-------- EXERCISE INPUT --------

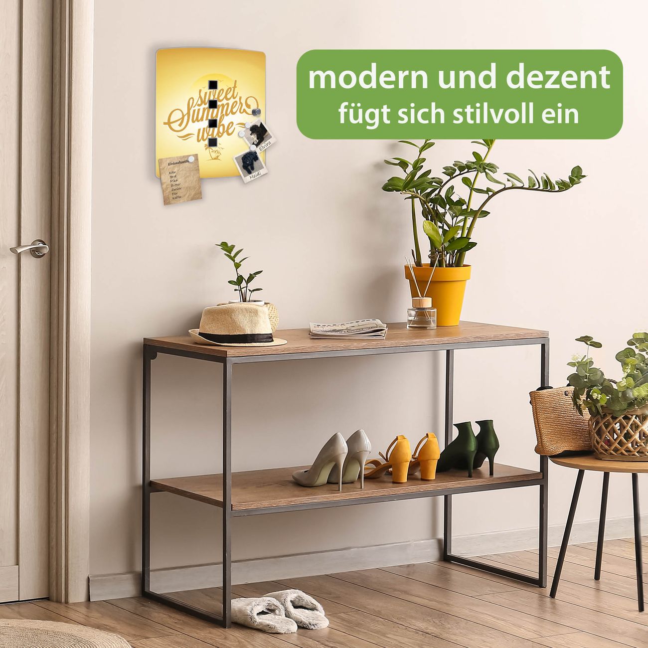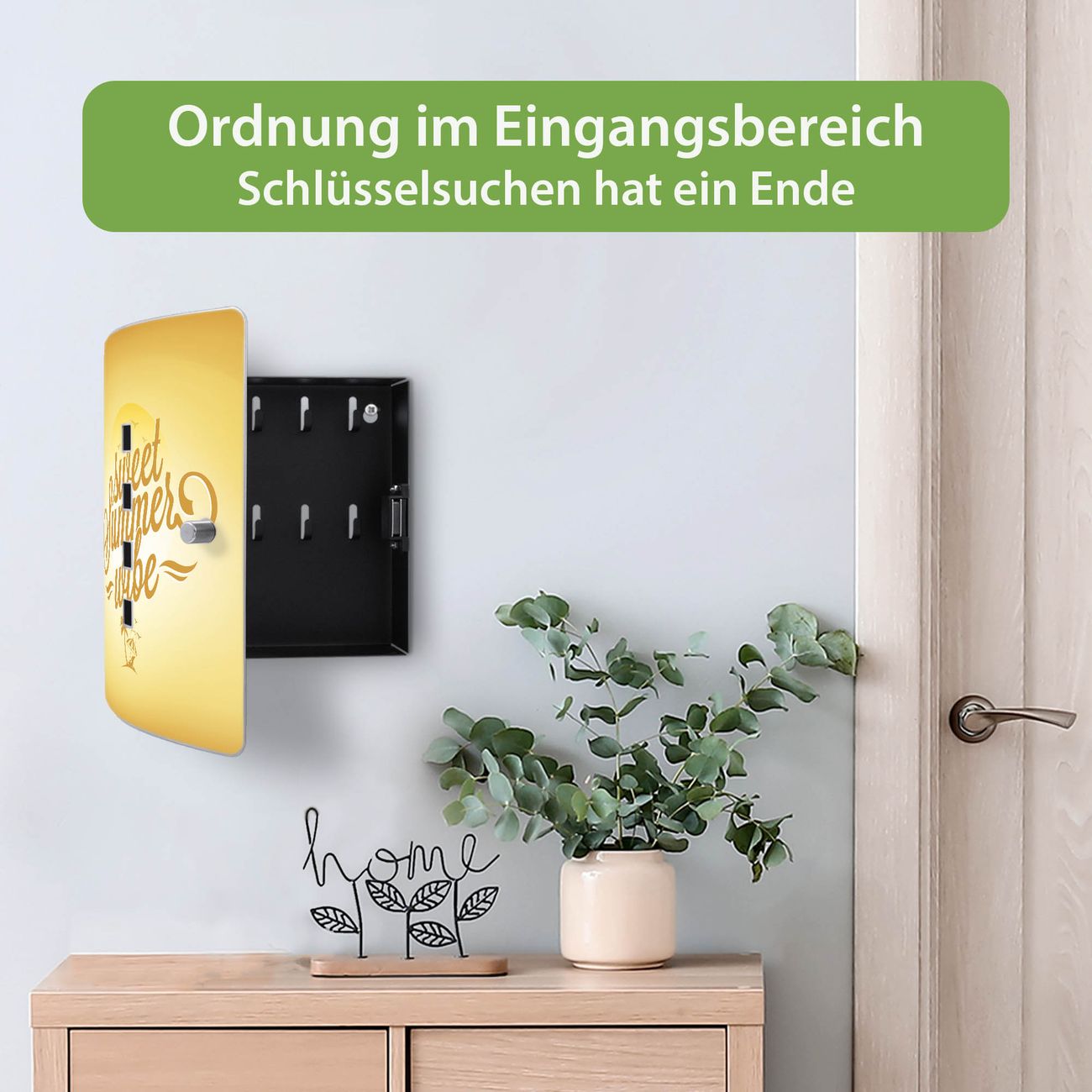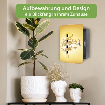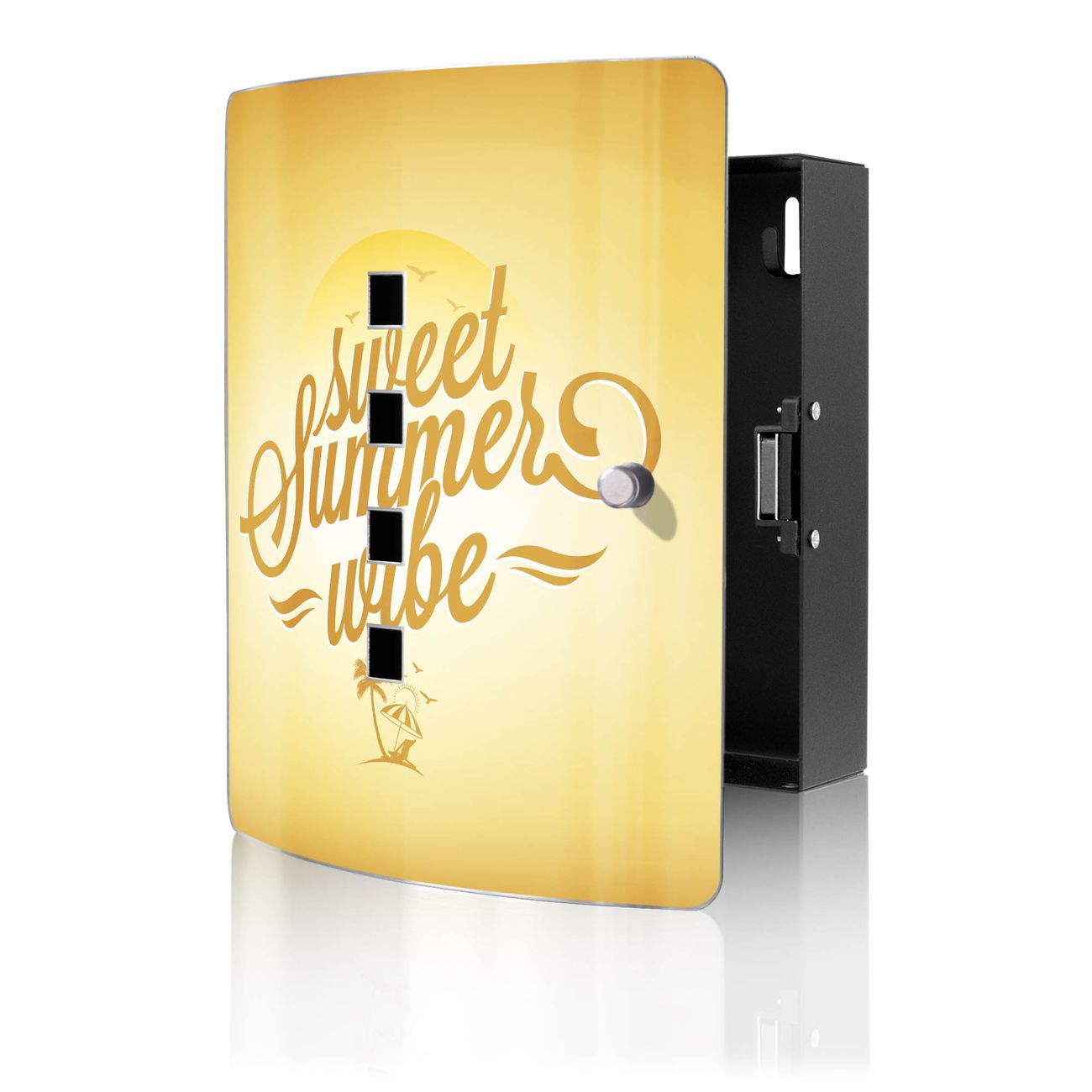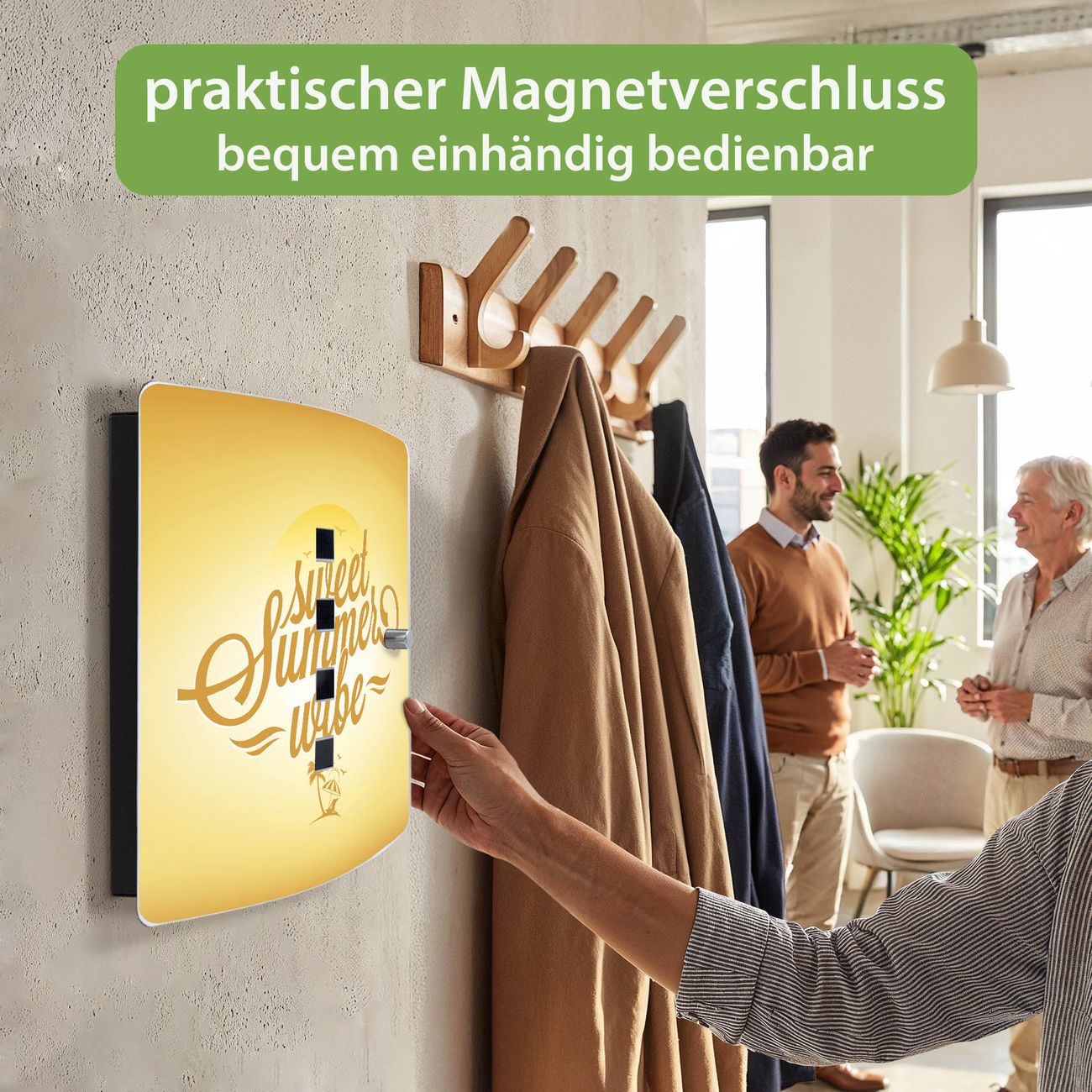 Funktion / Nutzen: Die leicht geschwungene Edelstahltür ist mit einer hochwertigen Motivfolie und dem Motiv Motiv Summer Wibe kaschiert. Ein praktischer Magnetverschluss ermöglicht Ihnen ein schnelles Öffnen und Schließen. Befestigt wird der Schlüsselkasten an 2 Stellen auf der Rückseite, passendes Montagematerial fügen wir bereits bei.
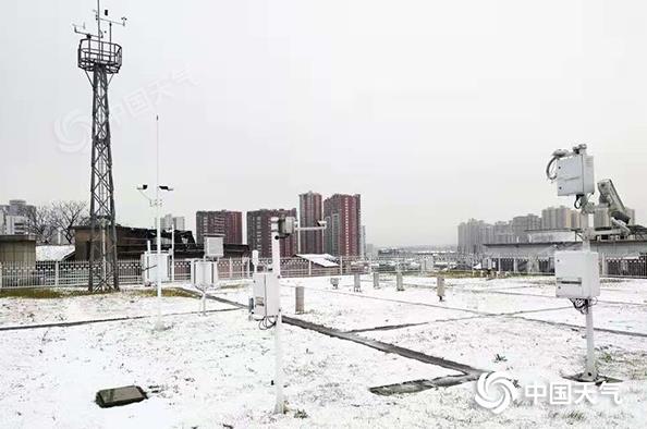 昨天,长沙宁乡雪花飘洒,宁乡市气象局观测场出现积雪。 (图/陈向晖)
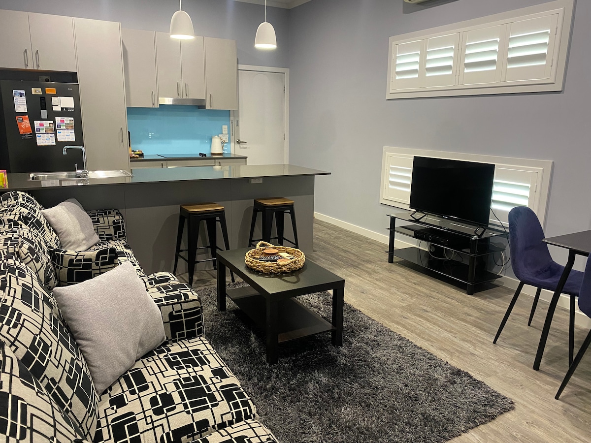 This modern 1 BR guest suite has airconditioning, free wifi & free laundry facilities, located in a quiet street. A portable cooktop will be provided for stays of 3 nights or more. NO PETS ALLOWED. Local attractions are Port Kembla beach and Nan Tien Buddhist temple. A shopping centre, restaurants, & fast food stores are only a 2 minute drive or a 10 minute walk. Wollongong/WIN Stadium - 12 min drive UOW - 12 min drive, or a bus to Wollongong then free shuttle bus to uni.
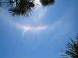 И, о маленькое чудо, - перед нами на краю пропасти само волшебство созданное человеком при Божественном провидении - Храм Воскресения Христова! Многокупольный красавец не просто манил и очаровывал своей красотой - Он наполнял живительной влагой душу, понял - вот чего не хватало целую неделю - Храма Господа, молитвы перед любимыми образами, этой прямой связи с Господом и Пресвятой Богородицей, Святыми и Воинством Господним. И тихая радость наполняла сердце - наконец - то! Выйдя из микрика, неожиданно снял обувь и какая-то сила заставила обойти Храм. Обойдя Храм, ахнул - высокие сосны возвышались над облаками, под которыми было безграничное, застилающее горизонт - море, а сквозь хвою - сияло яркое солнце. И вдруг, о чудо: от солнца отделилась радуга и засияла, переливаясь всеми цветами!
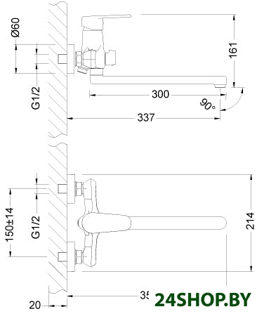 - Длина (вылет) излива: 337 мм

--------

- **ACTIVITY**: Begin with the first line of the entries above and write out each line exactly, ending with the line containing "昨天,长沙宁乡雪花飘洒,宁乡市气象局观测场出现积雪。 (图/陈向晖)". Leave out pictures.

- **EXERCISE OUTPUT**:
 Funktion / Nutzen: Die leicht geschwungene Edelstahltür ist mit einer hochwertigen Motivfolie und dem Motiv Motiv Summer Wibe kaschiert. Ein praktischer Magnetverschluss ermöglicht Ihnen ein schnelles Öffnen und Schließen. Befestigt wird der Schlüsselkasten an 2 Stellen auf der Rückseite, passendes Montagematerial fügen wir bereits bei.
 昨天,长沙宁乡雪花飘洒,宁乡市气象局观测场出现积雪。 (图/陈向晖)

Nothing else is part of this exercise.